10 Methods of Inclusive Machine Learning

Published in

HackHer413

8 min readJul 26, 2019

Let’s start with a hypothetical:

Recruiters at a company examine thousands of resumes for a single job. The company implements a machine learning algorithm that ranks candidates’ resumes based on current employee’s resumes.

What’s wrong with this situation? Flashing forward 1 year…

The company saved money and time by implementing this ‘stellar’ recruiting algorithm. However, one day, a data scientist reviews the model in complete shock. The model penalized candidates for being in the Women’s Chess Club, Mount Holyoke College, and Smith College. It was unapologetically sexist.

This is not actually a hypothetical. This happens and continues to happen, every day in the workforce.

What went wrong?

The sad fact is, it may be difficult to detect a discriminatory model. Machine learning is one of the most useful tools of the 21st century. However, it can also be one of the most dangerous.

What is Inclusive Machine Learning?

Inclusive machine learning involves the concept of fairness. Defined by Google, fairness in machine learning aims to:

“prevent unjust or prejudicial treatment of people related to race, income, sexual orientation, religion, gender, and other characteristics historically associated with discrimination and marginalization, when and where they manifest in algorithmic systems or algorithmically aided decision-making.”

Machine learning is more popular than ever. It is our job to make machine learning work for good, not for evil. Ready to join the fairness bandwagon?

1. Know the limitations of your data

Yay data! Without it, there would be no data science. Yet, data may not always be as great as it seems. Imagine you’re given a labeled dataset from upper-level management. Your task is to make sense of the data and create a model that predicts a target variable.
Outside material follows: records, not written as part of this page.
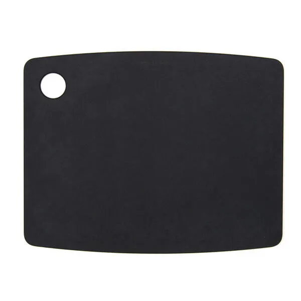 木の繊維を合成した素材を使用している耐久性に優れたカッティングボードです。表面は非多孔性で細菌が侵入しにくく、薄型なので食材を切ってそもままお鍋にサッと入れることができます。水切れがよく、お手入れも簡単で食器洗浄機にもお使いいただけます。毎日のお料理作りだけでなく、盛り付け用のボードとしても大活躍!端に穴がついているのでフックにかけて収納いただくことも可能です。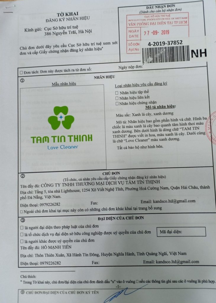 [ĐĂNG KÝ BẢO HỘ THƯƠNG HIỆU TÂM TÍN THỊNH – QUẢNG NGÃI] “??̂?: ??̂? công việc, khách hàng, đối tác. ??́?: Xây dựng ?? ??́? dựa trên sự ??? ??̂́? và tính chịu ???́?? ????̣̂?. ???̣??: Đồng hành cùng sự phát triển ???̣?? ??̛?̛̣?? của Quý khách hàng và đối tác.” Đoàn Thị Kim […]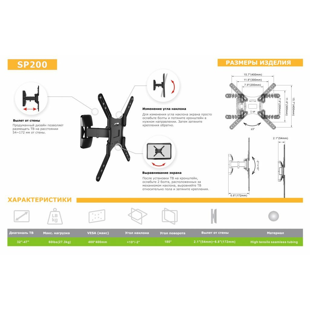 Наклонно-поворотный кронштейн SP200 отвечает высочайшим стандартам качества. Он прочен и долговечен. Настенное крепление для телевизора надежно в работе и безопасно в регулировке.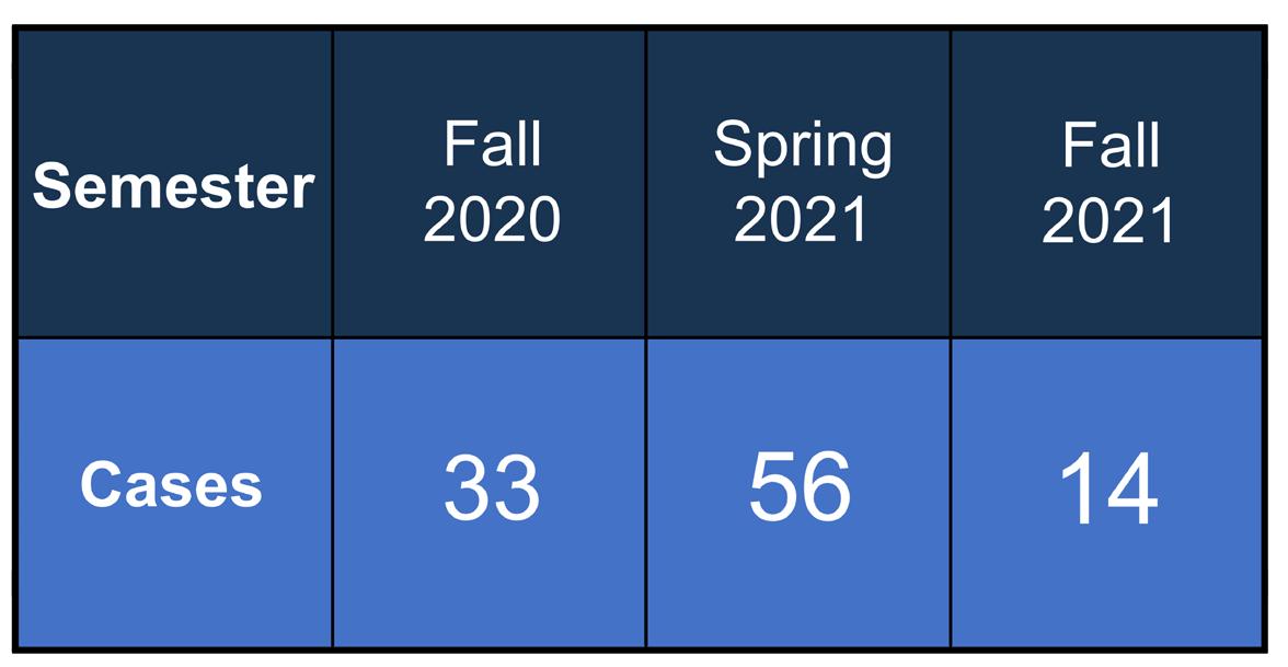 Dr. Keith Moore, vice president for campus life and operational management and appointed campus COVID-19 coordinator, said, “I think things have been going exceptionally well.” For the Fall 2021 semester, there have been 14 cumulative COVID-19 cases. This is a sharp decrease from the approximately 50 cases from the last two semesters. He noted that this was in line with the surges occurring at those times. He nodded to last year’s mitigation efforts as being “exemplary” and even the “best in the state” upon meeting with other colleges throughout the Commonwealth.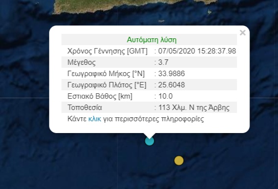 Νέα σεισμική δόνηση σημειώθηκε ανοιχτά από την Κρήτη, το απόγευμα της Πέμπτης.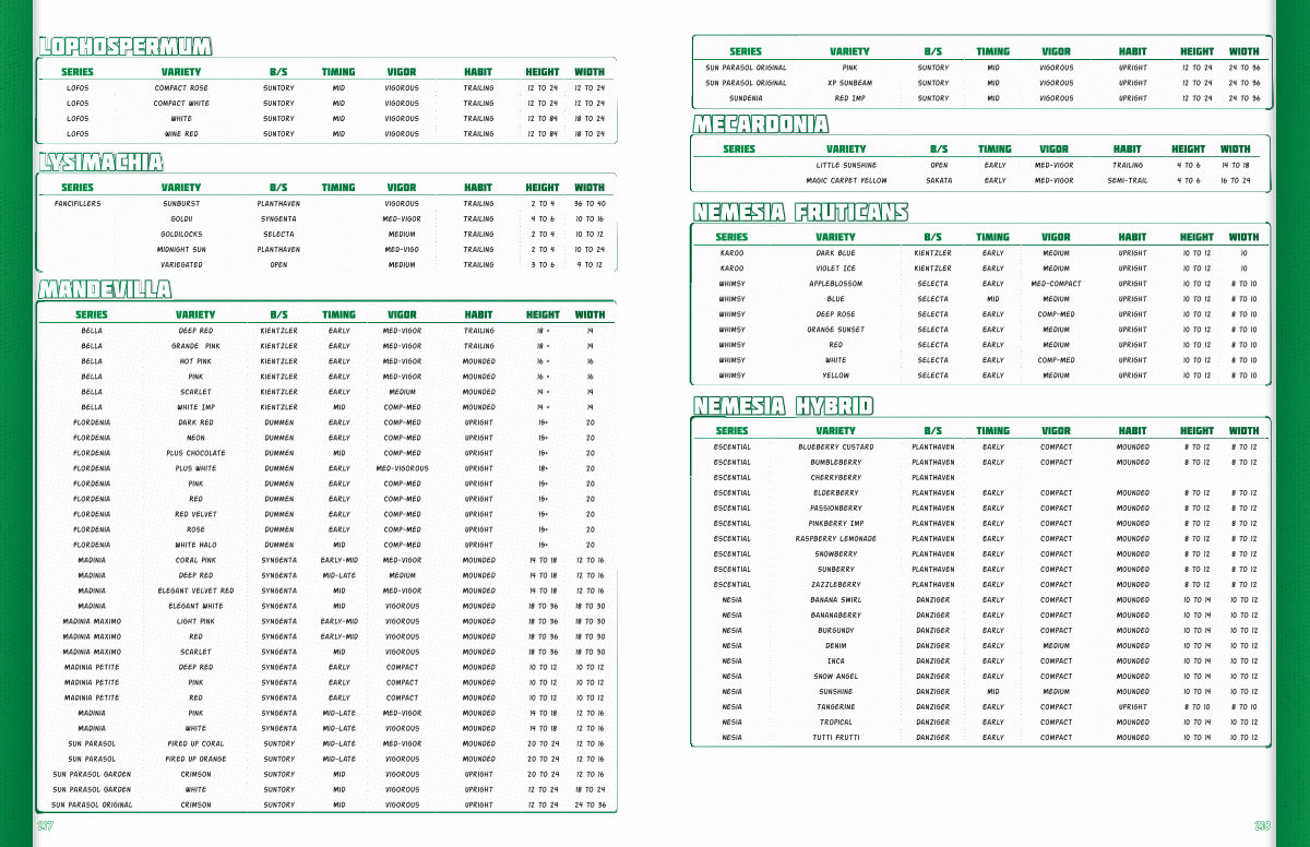 Series Variety B / S Timing Vigor Habit Height Width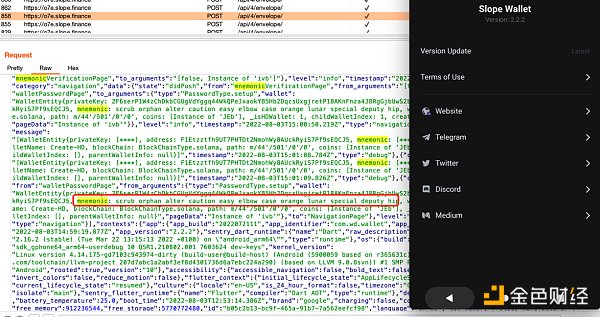 继续分析 Slope Wallet,我们发现 Version: >=2.2.0 的包中 Sentry 服务会将助记词发送到 "o7e.slope.finance",而 Version: 2.1.3 并没有发现采集助记词的行为。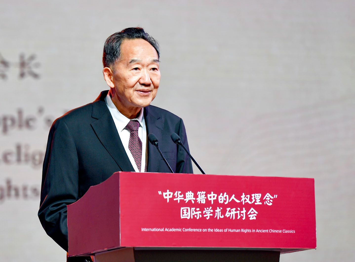 三是加强中国自文明起源到 1921 年人权史的研究。以史立论,是构建自主知识体系的基本问题。但由于长期受西方塑造的西方文明优于东方文明的叙事和“西方中心主义”认识论方法论的影响,国内外许多学人认为中国历史上封建社会只有专制、没有人权,何谈人权史。我们觉得这种认识是不客观不科学的。作为有百万年人类史、一万多年文化史、五千多年文明史的国家和民族,人文底蕴无比深厚,人权文明自在其中。首先,中国有宗教,但不是宗教国家,从来不以神为中心,而以人为中心。其次,在中国古代社会和传统文化中,一贯强调人最为天下贵、以人为本、爱人为大、对人施之以仁,这种仁者爱人、民为邦本、富民厚生的社会价值,以及天下为公、选贤与能、有教无类的治理观念,还有天人合一、协和万邦、万物并育的天下情怀,无不包含丰厚的人权理念。按照历史唯物主义和辩证唯物主义原理,既然有丰厚的价值理念,势必有相应的社会实践,也会形成一定的制度安排。几年前有一次我参加陪同领导同志访问以色列,在特拉维夫大学召开了一个有 19 位汉学家参加的座谈会,其中有两位洋教授介绍他们正在研究的课题,一个是关于宋代如何破解疑难杂症医案,以保障人的生命权健康权;一个是宋代如何在国家层面作出制度安排做好客死他乡人员的遗体遗骸收葬,以维护人的尊严。这让我们访问团成员深感意外,同时也感到深受启发。以上我讲的是一点肤浅的直观认识,只是说明我们对中国人权史总体上还研究不深、知之不多。所以举办这次“中华典籍中的人权理念”国际学术研讨会,邀请中外专家一起从典籍中寻迹、从理念上破题,然后走向对实践、对制度和对成效的研究。
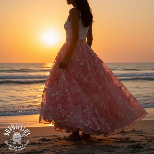 Tissu coton TIE DYE EMBROIDERY Poppy design M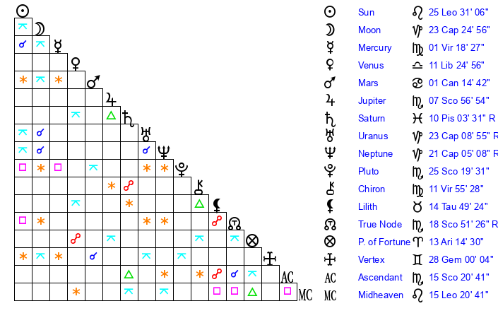 | Moon | 23 Capricorn 20 | 28 Gemini 39 | 12 Pisces 23 |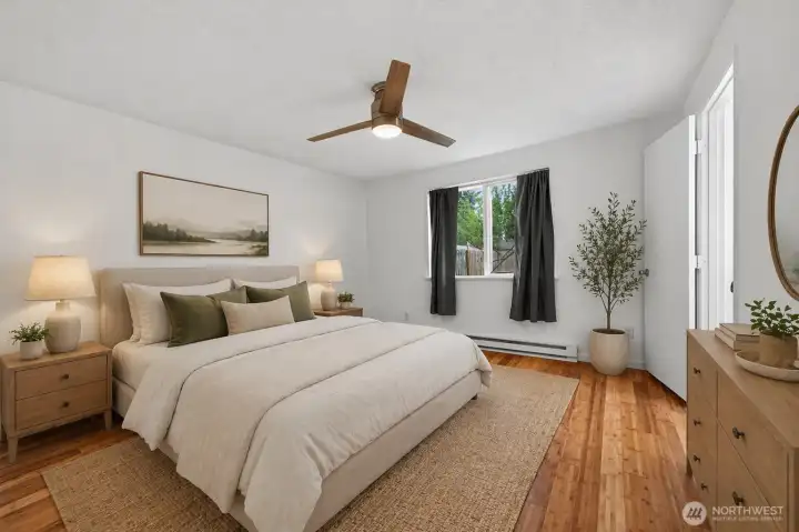 Beautifully updated 3-bedroom, 1.5-bath home on a spacious .23-acre lot in Puyallup. This well-maintained property features fresh interior paint, newer ¾" bamboo flooring, and a reinforced subfloor for added quality and durability. Stay comfortable year-round with a wood-burning fireplace, pellet stove insert, and new baseboard heaters.The kitchen has been refreshed with paint, a new microwave, and a newer refrigerator, plus a new double oven with warranty. Bathrooms include updated vanities, and the home offers flexible living with dual washer/dryer hookup locations.Major updates include a 3-year-old roof and gutters, newer driveway, and a recently pumped and certified septic system. Enjoy outdoor living with a covered back porch, two storage sheds on concrete pads, and a built-in dog door.A standout feature is the incredible garden and orchard, complete with a variety of fruit trees, berries, grapes, and rich organic soil, truly a gardener’s dream. Relax and unwind in your private 4-person cedar sauna.This property offers a rare combination of comfort, updates, and lifestyle, all in a desirable Puyallup location.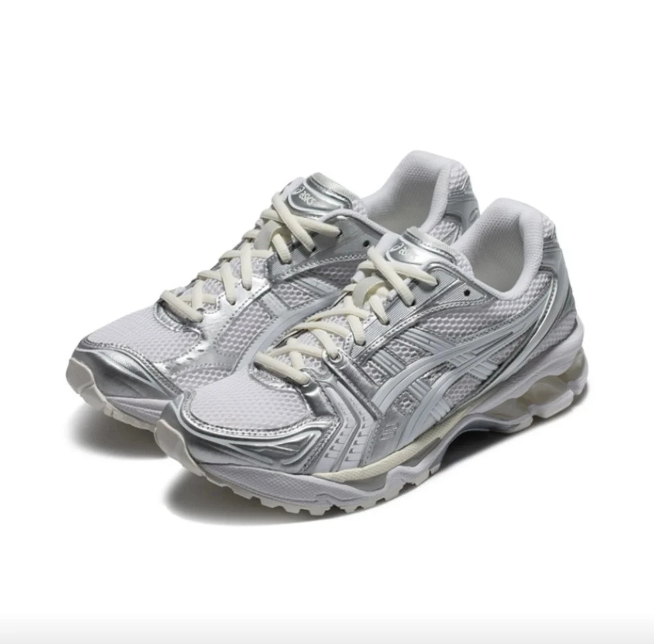 Asics Gel-Kayano 14 Men and Women Round Toe Lace-Up Anti-Slip Wearable sport Running Shoes Unisex Silver Powder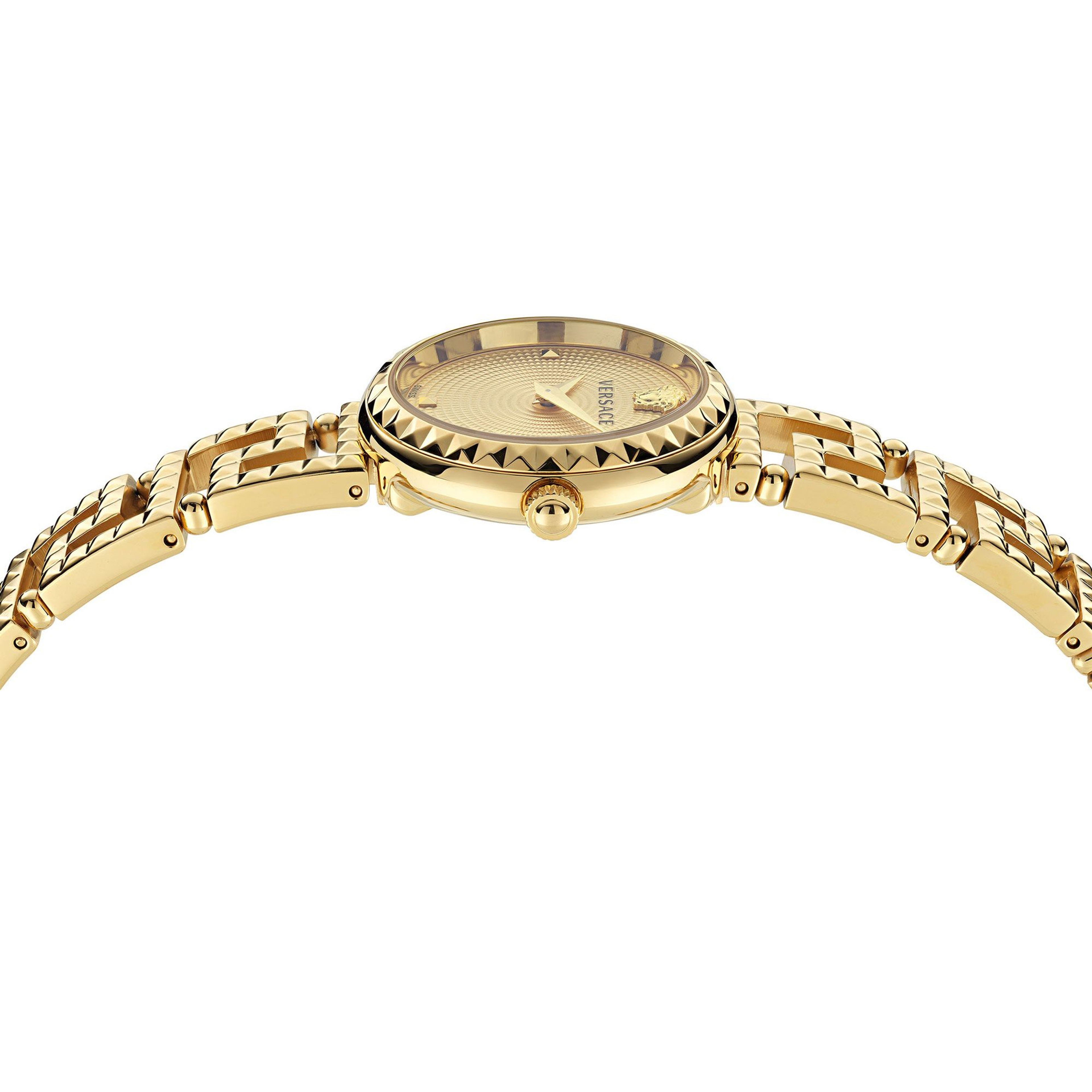 A sophisticated jewelry timepiece featuring a striking Greca bracelet adorned with studs. The case is accented by a bold three-dimensional Medusa at the 12 o’clock position. Every Versace watch proudly bears the prestigious 'Swiss Made' hallmark, ensuring exceptional quality and craftsmanship. Style #VE7A00323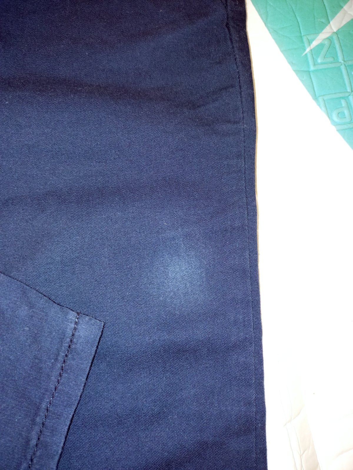 Spoločenské nohavice, tenkého materiálu s reguláciou v páse (dá sa gumičkou nastaviť užší pás). Na ľavej nohe pri kolene vyšúchané miesto (viď foto). V skutočnosti menej viditeľné, blesk to zvýraznil.

Before you begin with machine learning, answer these questions:

How were the data collected?

Inequalities and biases may already be present in your data merely by how it was collected. What population was the data sampled from? How was the data labeled? If the data collection method isn’t clear, big red flag.

Who/what are excluded in your data?

In the resume example above, the classifier was trained on resume data. What is the harm in that? If a company historically hired white, affluent, young, straight men, the resume dataset will reflect that population. Models are limited to the fairness of their data. In this case, machine learning will tell the company to hire more white, affluent, young, straight men, and exclude the rest.

Are there proxy variables?

Proxies are variables in your feature set that may represent other (often, problematic) variables. One example of a common proxy variable is Zip Code. In many predictive policing efforts, Zip Codes are features in a machine learning model used to determine where law enforcement officers should focus their time. However, Zip Codes can be a proxy for race in the United States (see below), as well as income, health, religion, and many more factors. The best way to combat proxy variables is to identify proxies and leave them out of your feature set.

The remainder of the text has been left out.